• **Provided data**
····················

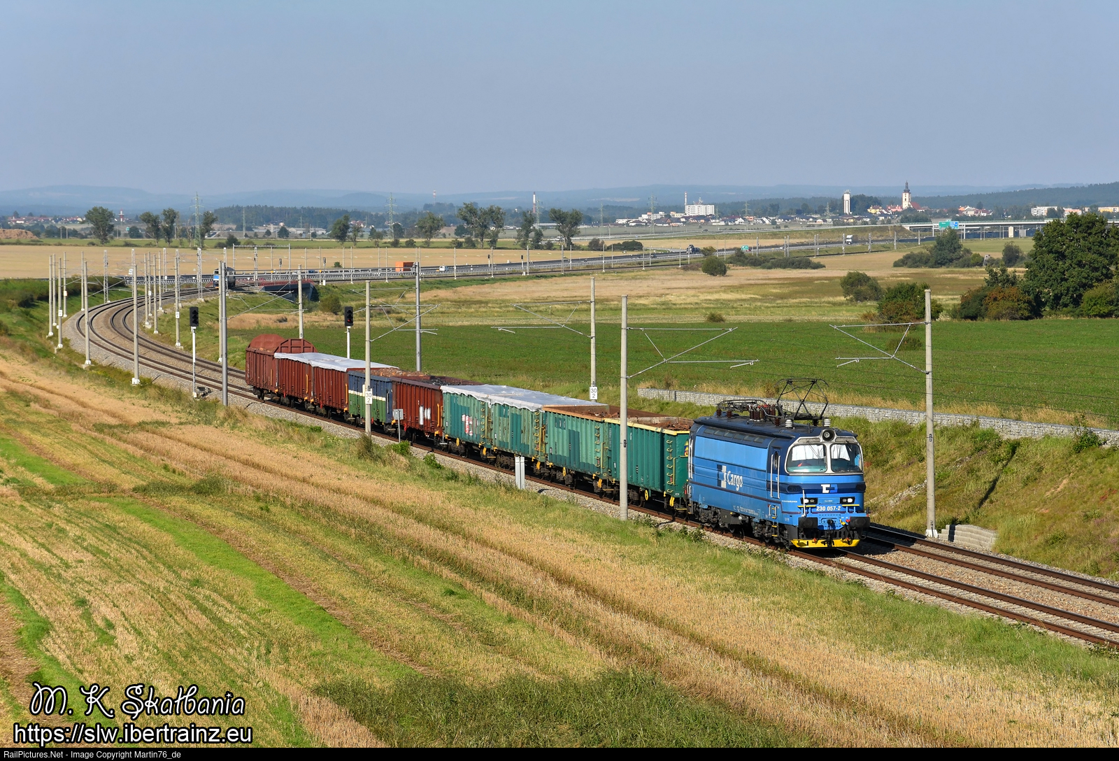 The electric locomotive 230.057-2 hauling a freight train from Jindrichuv Hradec to Ceske Budejovice.
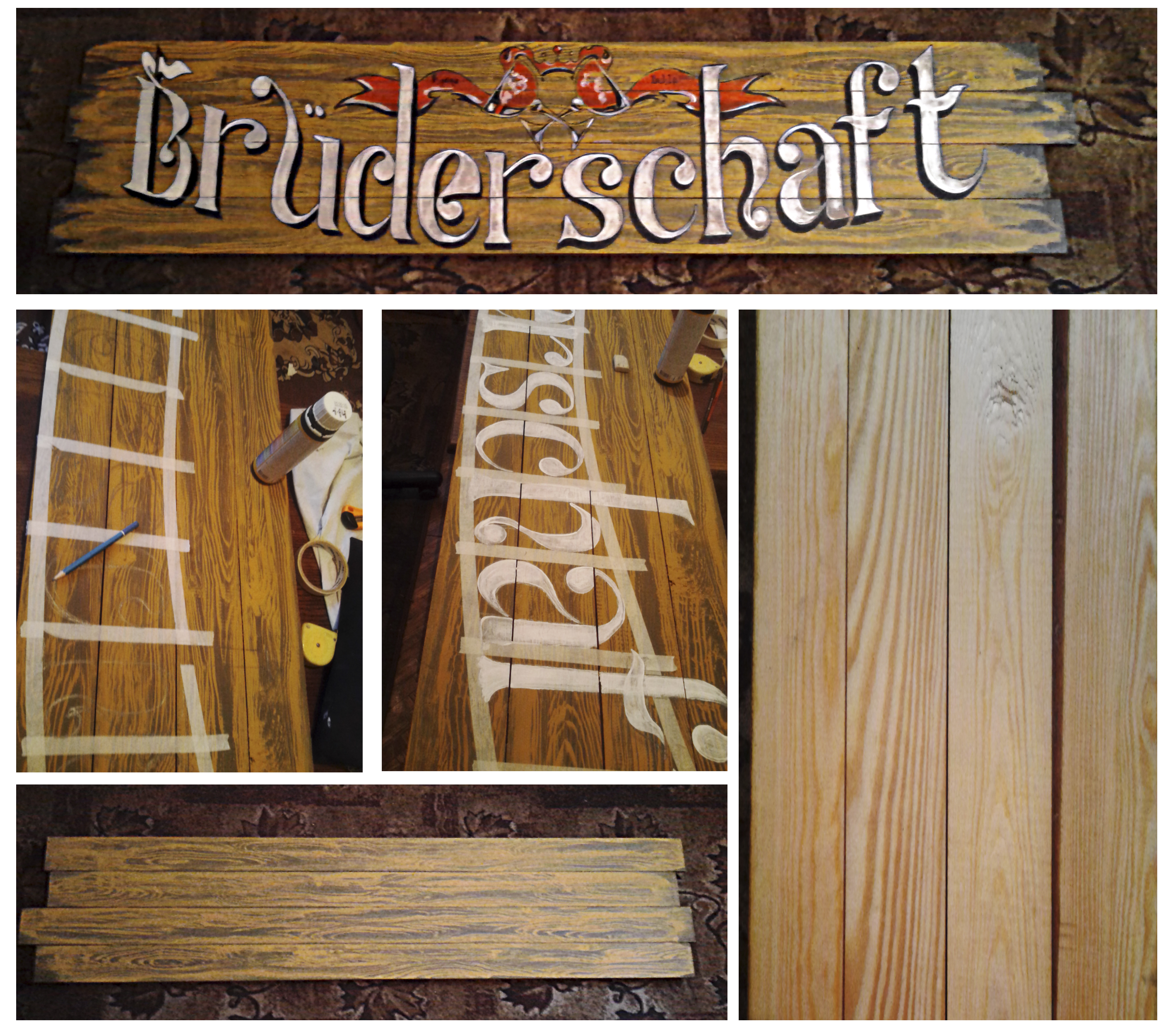 Деревянная вывеска в художественном оформлении. Размеры 180 см. на 50 см. Ниже на фото можно увидеть, что дерево — сосна, была очень светлой, а для заказа требовались цвета более контрастные в ретро стиле. Художественная вывеска изначально была грунтована для того чтобы не впитывалась краска. После были произведены обрисовки текстуры для создания старого дерева и элементы выгорания по краям. После, наносился несколько раз матовый лак для стойкости к атмосферным условиям. Эта художественная вывеска интересна тем, что выполнялась в ручную и на реальном дереве. Для создания старого эффекта доски применялась краска с определенной цветовой палитрой и это наилучший вариант для бюджетного подхода, так как выбор специальных пород дерева обошелся бы дорого. Мастерство в художественной росписи не умалило реальное восприятие, но придало вывеске гармоничный ретро антураж.
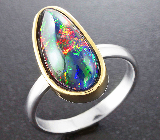 Вашему вниманию предлагается кольцо из стерлингового серебра (925 проба) c кристаллическим черным опалом! Изделие частично позолочено. Основные цвета опалесценции: красный и зеленый. Площадка 19 х 9 мм, высота 6 мм. Вес изделия 3,7 г. Размер 18. Ниже приводятся ювелирные характеристики вставки.
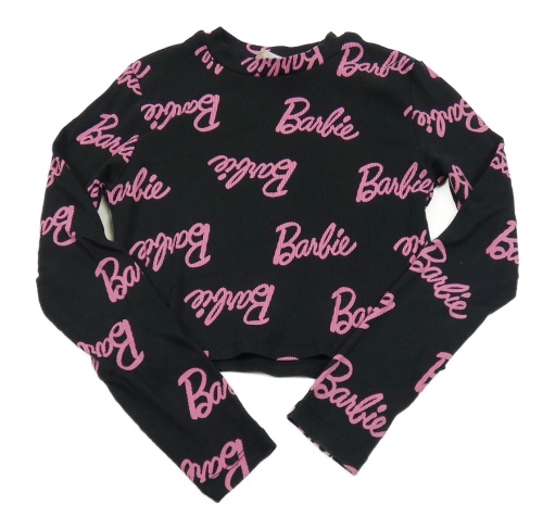 Černé žebrované crop triko s nápisy - Barbie H&M

····················

• **Task details**
Restate all of the material word for word. Keep out every picture.

• **Expected answer**
 The electric locomotive 230.057-2 hauling a freight train from Jindrichuv Hradec to Ceske Budejovice.
 Деревянная вывеска в художественном оформлении. Размеры 180 см. на 50 см. Ниже на фото можно увидеть, что дерево — сосна, была очень светлой, а для заказа требовались цвета более контрастные в ретро стиле. Художественная вывеска изначально была грунтована для того чтобы не впитывалась краска. После были произведены обрисовки текстуры для создания старого дерева и элементы выгорания по краям. После, наносился несколько раз матовый лак для стойкости к атмосферным условиям. Эта художественная вывеска интересна тем, что выполнялась в ручную и на реальном дереве. Для создания старого эффекта доски применялась краска с определенной цветовой палитрой и это наилучший вариант для бюджетного подхода, так как выбор специальных пород дерева обошелся бы дорого. Мастерство в художественной росписи не умалило реальное восприятие, но придало вывеске гармоничный ретро антураж.
 Вашему вниманию предлагается кольцо из стерлингового серебра (925 проба) c кристаллическим черным опалом! Изделие частично позолочено. Основные цвета опалесценции: красный и зеленый. Площадка 19 х 9 мм, высота 6 мм. Вес изделия 3,7 г. Размер 18. Ниже приводятся ювелирные характеристики вставки.
 Černé žebrované crop triko s nápisy - Barbie H&M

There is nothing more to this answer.